◆ **REQUIRED WORK**:
I need the lines from the one containing "Youth Development $247,500" through the last line of the entries retyped exactly, with no pictures among them.

◆ **Items from a dataset**:
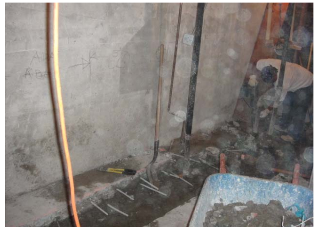
Slab Demo. Coach's Bathroom
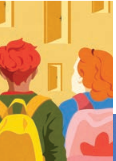
Youth Development $247,500
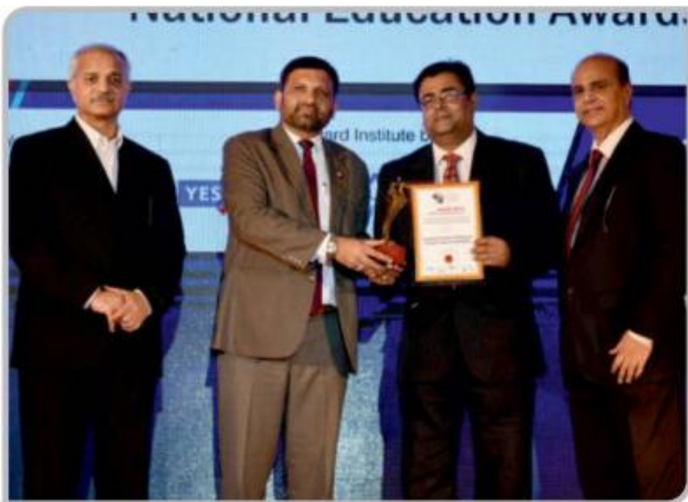
Contribution Through Education in Women's Empowerment Award - Dewang Mehta National Education Award
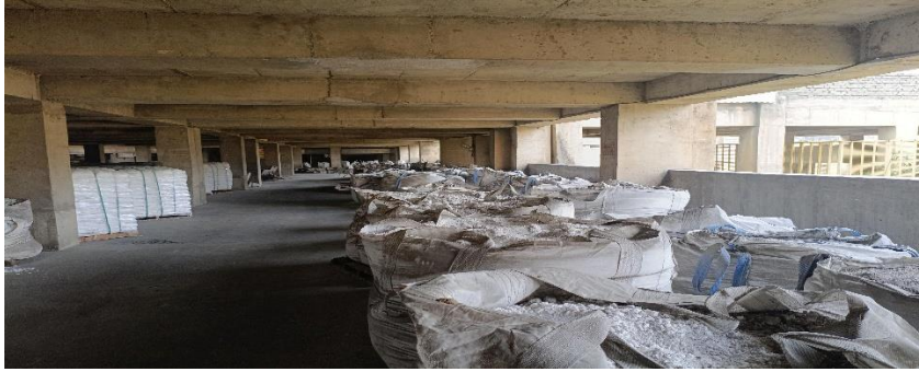
11. RECTIFIER ITEM'S(CT,PT INSULATOR,CB,ETC)
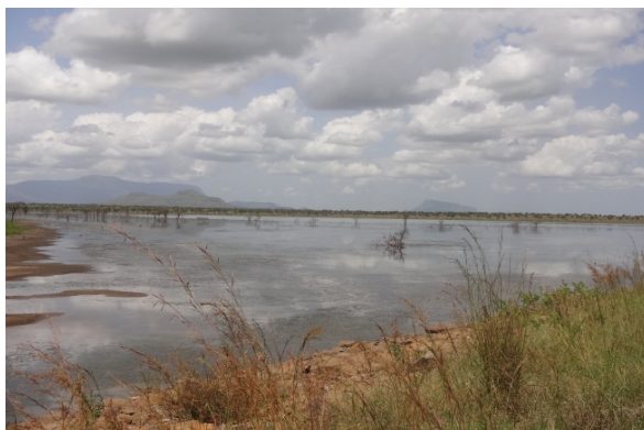
Figure 2. Nakicumet dam in Napak District

◆ **SOLUTION FOR THIS EXERCISE**:
Youth Development $247,500
Contribution Through Education in Women's Empowerment Award - Dewang Mehta National Education Award
11. RECTIFIER ITEM'S(CT,PT INSULATOR,CB,ETC)
Figure 2. Nakicumet dam in Napak District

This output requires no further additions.